Bristling at criticism that they might be glorifying Hitler and the infamous hole in the ground where his newlywed bride, Eva Braun, poisoned herself before he shot himself on April 30, 1945, the creators of the Fuehrerbunker replica insist that it is designed to be educational.

“A lot of people have a difficult-to-define fascination with Hitler and his bunker,” Enno Lenze, one of the organizers of the privately funded exhibit, said in an interview after a recent tour. “It’s a peculiar combination of voyeurism, a curiosity about separating the facts from fiction where Hitler killed himself, and a genuine interest in the history of what it felt like where the Third Reich essentially ended.”

Although Germans have meticulously studied the causes, horrors and aftermath of the Nazi regime, precious few seemed to have any particular interest in knowing precisely where the reviled Hitler’s bunker was located. Yet local officials say many foreign tourists have been curious about where the bunker and the Berlin Wall were.

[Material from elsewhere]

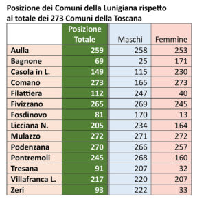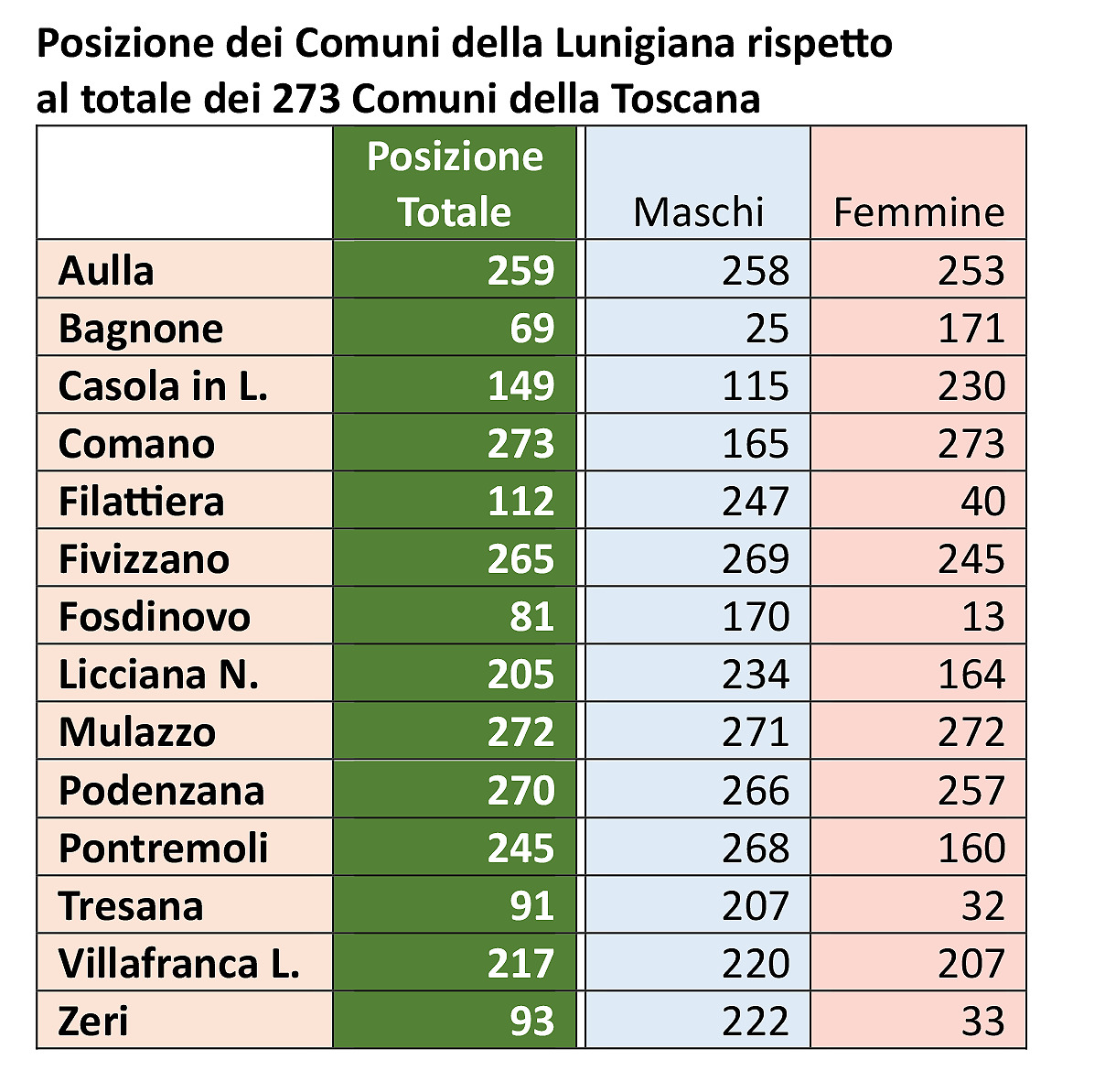 Dal confronto con il totale della Toscana, i Comuni lunigianesi che, secondo i dati e nel loro complesso, evidenziano uno stato della salute migliore sono Bagnone, Fosdinovo, Tresana e Zeri, tutti nelle prime cento posizioni; quelli che stanno peggio sono Comano, Mulazzo, Podenzana, Fivizzano, Aulla e Pontremoli, tutti nelle ultime trenta posizioni. In alcuni casi la situazione si modifica anche in modo significativo se si guarda la graduatoria riferita non al complesso dei dati bensì a quelli relativi ai singoli generi, maschile e femminile.

The disappointment was palpable for many that there was no monument, no memorial and nothing to mark the spot where the Third Reich ended until a small plaque was put up in 2006.

Interior view of a replica of the living room and study of Adolf Hitler's bunker in in Berlin on Oct. 27, 2016.

Interior view of a replica of the living room and study of Adolf Hitler’s bunker in in Berlin on Oct. 27, 2016.

(Michael Sohn / AP)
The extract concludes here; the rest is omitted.